Kulturministerin Šimkovičová hat eigene Desinformationssendungen auf Youtube und Premierminister Fico führte seinen Wahlkampf auf Desinformationsseiten. Einige Po­li­ti­ke­r*in­nen nehmen an Livestreams von verschwörungsideologischen You­tube­r*in­nen teil, wie vom verurteilten Extremisten Daniel Bombic, der antisemitische und neofaschistische Botschaften verbreitet.

Im März 2024 waren Slo­wa­k*in­nen laut einem Bericht der unabhängigen Organisation Cedmo Trends mehr Fake News als Qualitätsnachrichten ausgesetzt. Dominika Hajdu, Direktorin des Thinktanks Globsec, bezeichnet das als „riesiges Problem, denn die Bevölkerung ist sehr viel anfälliger für Verschwörungsideologien als andere Gesellschaften in Mittel-Osteuropa “.

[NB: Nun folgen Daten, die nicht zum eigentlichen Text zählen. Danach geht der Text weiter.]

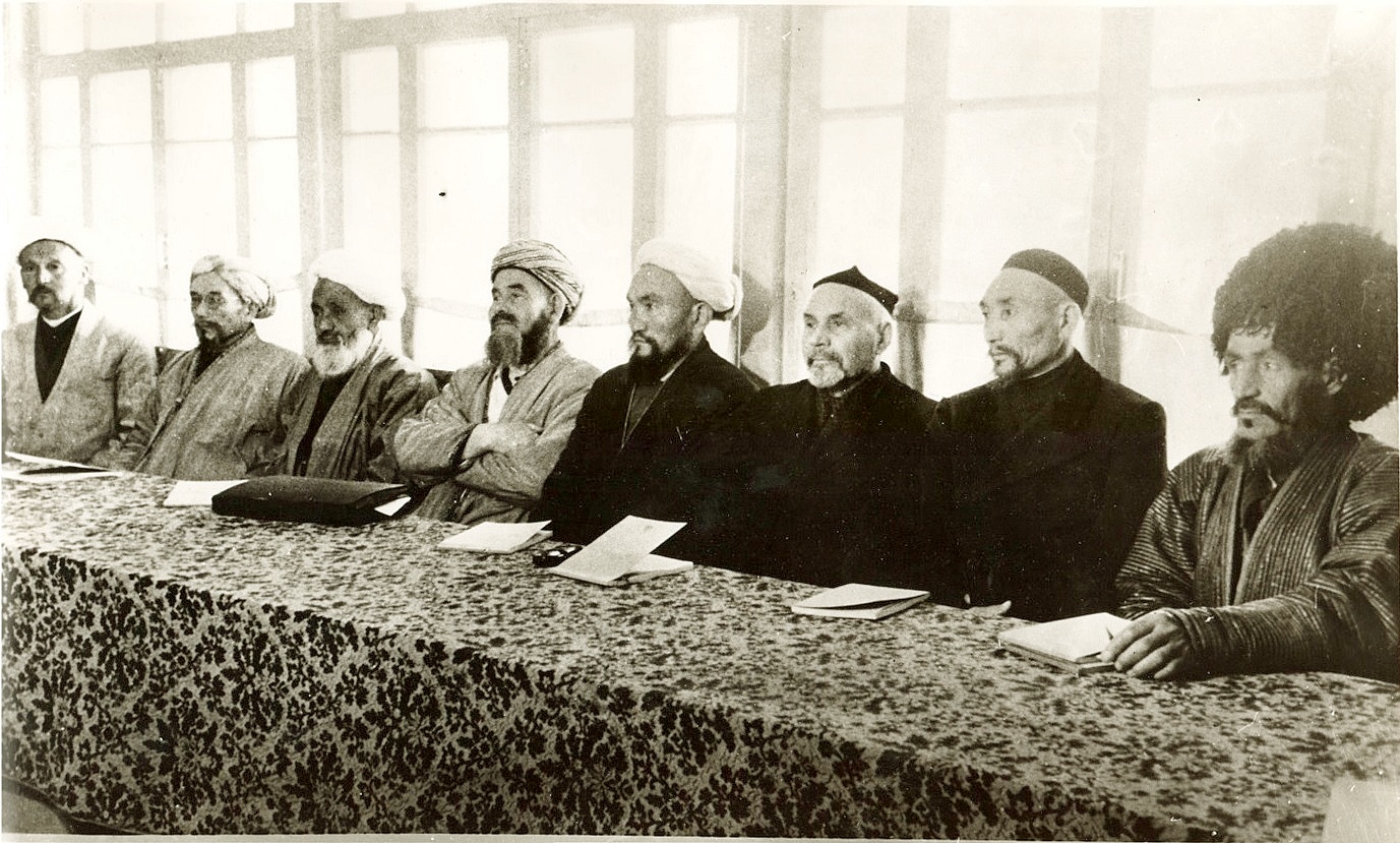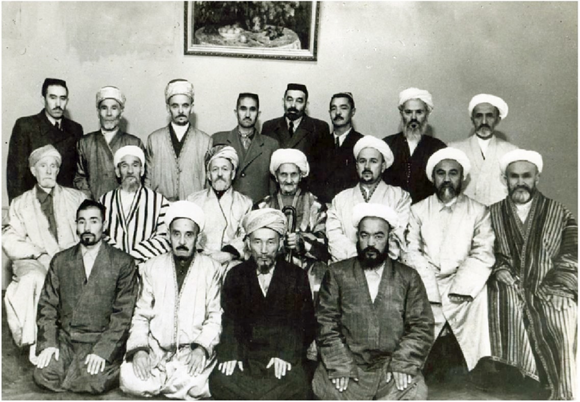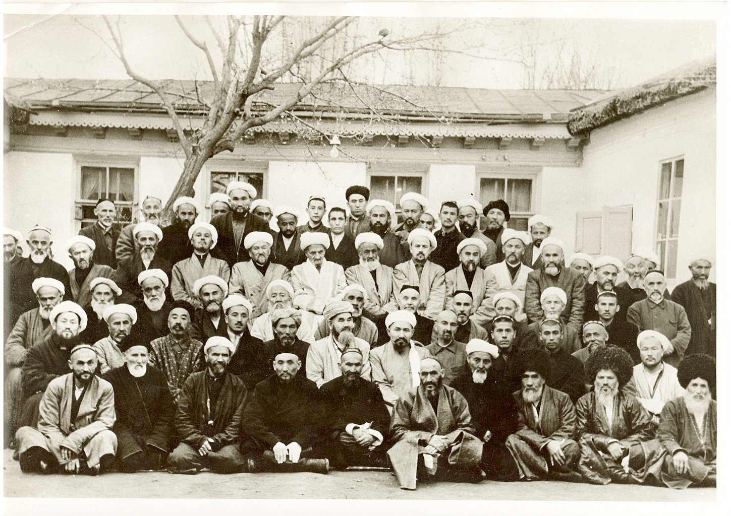 1949 Ташкент 4-курултай САДУМ.Муфтий Духовного управления мусульман Средней Азии и Казахстана Эшон Бабаханов (средний ряд 4-слева) и муфтий ДУМЕС Шакир Шайхислам улы Хиялетдинов (средний ряд 3-слева)... справа-внизу сидит, похоже, товарищ из Оша с фото 1947 с АбдульВадудом.. |

Viele unabhängige Jour­na­lis­t*in­nen kritisieren, Po­li­ti­ke­r*in­nen würden ignorieren, wie ihr eigenes Verhalten und Hass in der Gesellschaft in Zusammenhang stünden. Ob die Regierung auch auf ihren eigenen Beitrag zur feindlichen Rhetorik im Land schaut? Auf diese Frage einer Reporterin von Denník N bot Ficos Stellvertreter Robert Kalinak an, ihr einen Spiegel zu kaufen.

Ein riesiger Druck

Der Druck zeigt Wirkung. Vor einigen Wochen wurde Zuzana Kovačič Hanzelová, die Ehefrau von Moderator Kovačič, Ziel einer Hetzkampagne des Youtubers Bombic und legte deshalb eine Pause von ihrer Interviewreihe bei der Tageszeitung Sme ein. Viele Mo­de­ra­to­r*in­nen und Hosts politischer Debattenshows verließen in den letzten Monaten ihre Programme.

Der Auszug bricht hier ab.